Sea Scouts BSA

“Helmsman, 10 degrees right rudder, make our course 87 degrees magnetic, get us out of this channel.” “Why, that’s a dumb course to make I’m not going to do that.” These are the kind of exchanges you don’t want to have and the kind of the responses you don’t want to hear as a Boatswain. When you are on the water, it is of critical importance that everyone does their job in an effective and efficient manner and that the crew as a whole works as a team. It is unfortunate though, that there are always those people who question every decision that’s made because they believe they know better in every situation. These people and situations can make outings hard for the crew and even harder for the Boatswain and Skipper. The answer to this problem is drill and ceremony.

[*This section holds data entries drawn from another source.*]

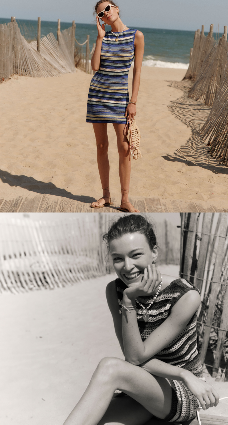 We’re all about a summer stripe, so why not reinvent them with one of our favorite warm-weather trends? A crochet mini works as a cover-up, day dress, or date night look.
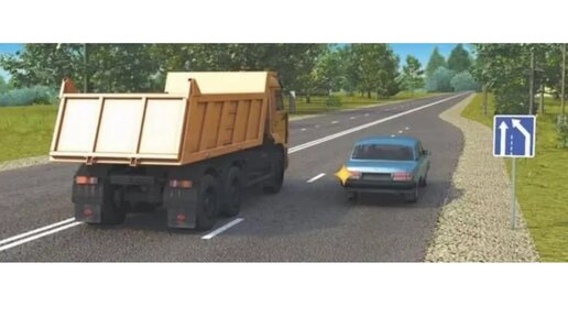 На картинке показана дорожная ситуация, где оба транспортных средства планируют двигаться по одной полосе. Логично, что одному из них для этого придется уступить проезд другому. Но кто это будет? Давайте проверим, хорошо ли вы разбираетесь в правилах дорожного движения.
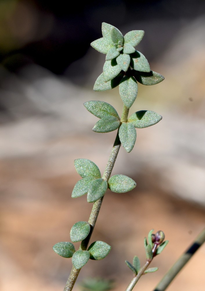 Blätter der sterilen Sprosse eiförmig, 2 - 8 mm lang, 1 - 3 mm breit, quirlig
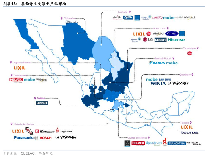 主要外资厂商包括韩系、美系、中资等,在新莱昂州、科阿韦拉州、奇瓦瓦州和巴哈加州等设有整机工厂及零部件供应链。越来越多家中国家电企业在墨西哥加速建厂或扩产。
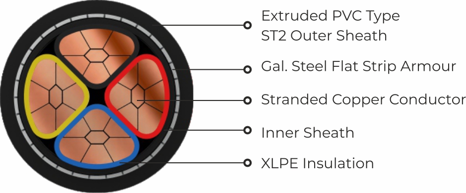2XFY MC-3.5, Stranded compacted copper conductor, XLPE insulated, PVC inner sheathed, Galvanised Steel Flat strip armour and

Now what is drill and ceremony? Everybody has seen in the military movies with the recruits in basic training marching around and doing all the different facing movements that seem kinda funny. This is what is called close order drill and it is used to make formations neater and to instill discipline in the ones executing the drill. It is done through ‘facing movements’ such as left face, right face and about face. Then there is marching drill which is used to move units from one place to another in a formal manner, usually used in parades or color guard events. Examples of this are forward march, mark time march and ship halt. The father of scouting, Sir Lord Robert Baden Powell, a high-ranking officer in the British Army saw the value of drill and how it could be applied to scouting. He developed what is called “Scout Drill” for the Boy Scouts which used many of the same elements of military drill but it was not the same at all. While the Boy Scouts have lost some aspects of the discipline they once had, the Sea Scouts have executed and used drill for the past 105 years for a variety of things. There are several key reasons why drill is important why your Ship should practice and learn drill.

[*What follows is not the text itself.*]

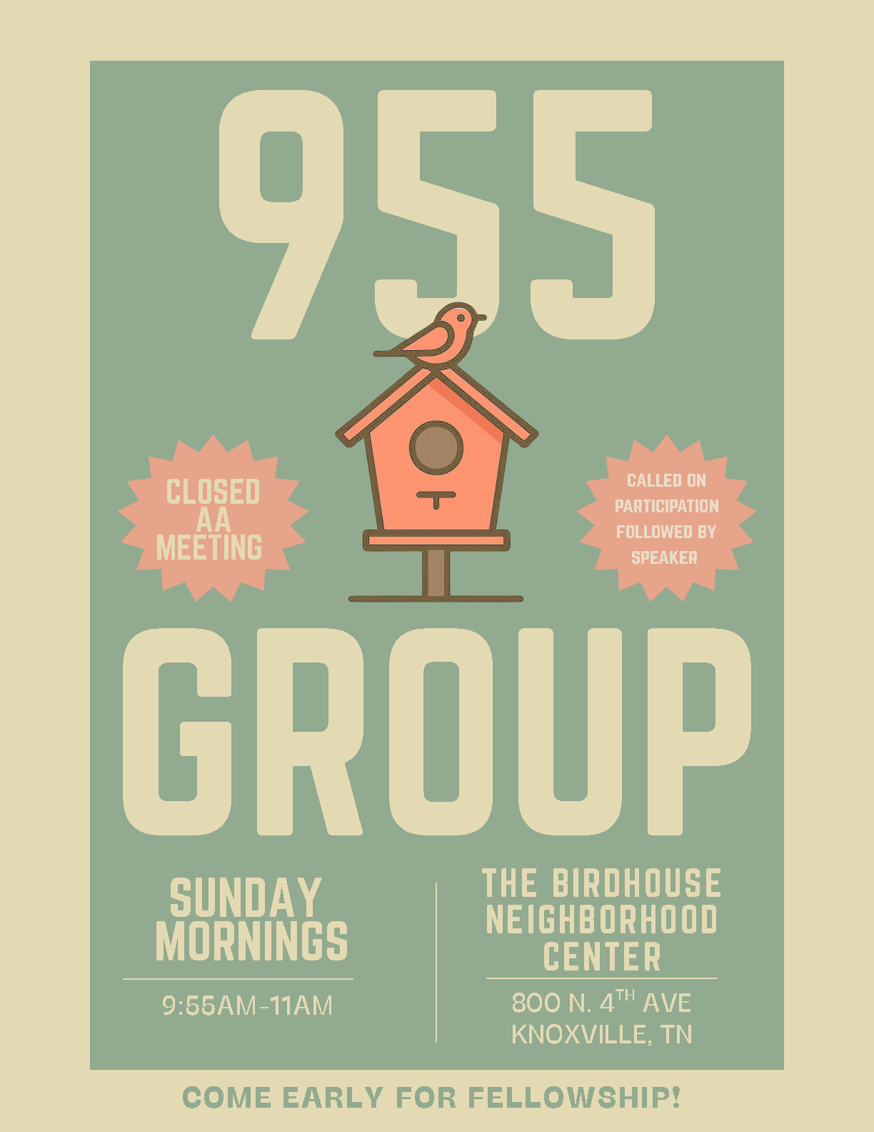 The 955 Group meets Sunday mornings from 9:55 AM to 11:00 AM at The Birdhouse Neighborhood Center, 800 N. 4th Ave., Knoxville, TN.

Firstly, it builds unit cohesiveness. When you conduct drill, you are doing it as a Ship. Your Ship and its crews are learning to work together and be a team. They are learning how to smartly and correctly execute commands as a crew. When you are on the water, this is something you definitely want to have. When the Boatswain, Skipper or OOD gives a command you want the crew to work together to execute. This will make your trips much more effective, safe and fun!

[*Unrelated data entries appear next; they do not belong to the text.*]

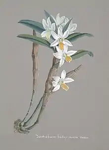 - (botany) Rough Lipped Dendrobium: the orchid Dendrobium scabrilingue of the family Orchidaceae.
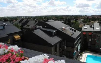 ¡Abstenerse Inmobiliarias! No serán atentados bajo ningún concepto. Precioso ático con excelentes vistas verdes a todo Majadahonda, al lado del Bus-VAO (10 min a Madrid-Moncloa con autobús). Justo entre Majadahonda y Las Rozas (10 min andando a cada centro). Disponible a partir de marzo. Se alquila sin muebles. Se puede visitar y reservar. Zona muy tranquila y residencial, farmacia, supermercados, colegios y guarderías alrededor (todo a máximo 5 min andando). Gran urbanización, con muchas zonas comunes: 2 piscinas separadas (una para niños), zona de juegos (pista de tenis, pista de futbol, tobogán, etc. ), 2 gimnasios, sala social, mucho jardín y verde. Está situado al lado de la salida de la A-6, dirección Madrid, autobuses en todas direcciones. Rápido acceso a la a la carretera A-6 (con y sin Bus-VAO), carretera de El Escorial M-505 y a M-50. Amplio salón con techos altos y muchos armarios, cocina, 2 habitaciones (1 muy grande), baño con luz natural, preciosa terraza con vistas y trastero muy grande. No se necesita plaza de garaje, hay suficiente espacio en la propia calle. Muchos armarios empotrados, Calefacción individual. Orientación sur. Ojo: el piso no está apto para gente de más de 1,80 m de altura ya que aunque tenga techos hasta 4 metros en el salón, en el baño el techo es solo apto para gente de hasta 1,80 m de altura.
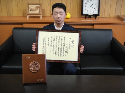 青少年読書感想文全国コンクールに入賞した石倉大輔さんに賞状と副賞が届きました。本日、校長室で表彰伝達を行いました。
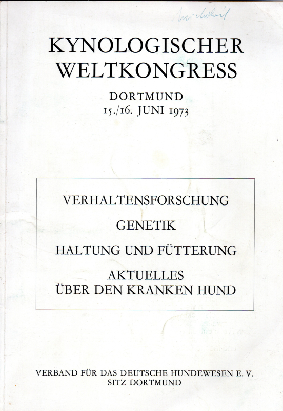 Dortmund 15./16. Juni 1973. Verhaltensforschung. Genetik. Haltung und Fütterung. Aktuelles. Über den kranken Hund. Mit Abb.
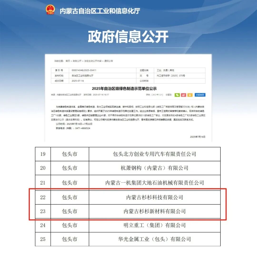 2025年7月16日,經內蒙古自治區工業和信息化廳發布《2025年自治區級綠色制造示范單位公示》,內蒙古杉杉科技有限公司(青山工廠)及內蒙古杉杉新材料有限公司(九原工廠)雙雙獲評內蒙古自治區級“綠色工廠”,使杉杉省級以上綠色工廠再“+2”。

The second key reason is that is teaches scouts to execute commands when given to them. In the situation at the beginning of this article, the helmsman refused to follow an order from the Boatswain because he though he knew better. This can lead to arguing, tension and internal fighting among crew members that can endanger the ship and its crew. This is why it is important that when a senior crew member or officer of the Ship gives an order while on the water, it should be executed when given. Drill teaches this perfectly! Learning to execute commands like left face, right face and about face may seem silly except when you know that it builds a habit in your crew members that has a very, very practical application on the water.

Thirdly, drill and ceremony builds discipline. What is the purpose of Sea Scouts? We are trying to build the leaders of tomorrow by teaching seamanship, citizenship, leadership and a variety of nautical skills. The fact of the matter is that the sea or really water in general has a lot of risks and is a very dangerous place. One small mistake, like forgetting the plug on the back of the boat, or horseplay gone too far, can result in serious damage to life or property. That is something no one wants because it reflects poorly on the Sea Scout program and scouting as a whole. How can drill solve this issue? It teaches your crews discipline! When you’re standing at attention, you are looking forward, hands made into fists by your side, standing straight, you are practicing discipline. This level of discipline is called ‘bearing’. This bearing is maintained all while you are executing facing movements or while you are marching. This teaches your crews the discipline they need to perform effectively while on the water. Without discipline, serious accidents can happen and that is something nobody wants.

Drill is also a very effective recruiting technique. My unit (Ship 24, The Jolly Roger, hailing from Houston, Texas), performs flag ceremonies that are considered to be absolutely top of the line. We have performed in front of crowds as small as 15 people at churches we stayed overnight at on summer cruises, to our districts annual District Dinner with 150 people, to our councils Silver Beaver ceremony with 1000 people, to performing in front of local, county, state and national leaders and dignitaries, all the way to performing a color guard for the Houston Astros on the day after opening day in front of thousands of people on national television. Smart looking, well-disciplined flag ceremonies like these get people talking and wondering about Sea Scouts. This is nothing but helpful to the growth of the Sea Scout program.

Drill and ceremony is a tradition we as Sea Scouts have been practicing for more than a century. These traditions make us who we are and if we throw them out the window, then we aren’t Sea Scouts any longer. Ceremonies like land ships, Bridges of Honor, Bridges of Review, Piping the Sides, Side boys, saluting the flag and drill are all ceremonies that tie the us, the Sea Scouts of the present with the Sea Scouts of the past. As stated above, things like drill have very practical applications that can be used to better your Ships experience on the water as whole.

Good references for drill and ceremony are the following:
Sea Scout Drill Manual
Sea Scout Drill Manual Extension (This version has much more and lots of details)
Searching “Sea Scout Drill Manual” will return both of the above results in Google.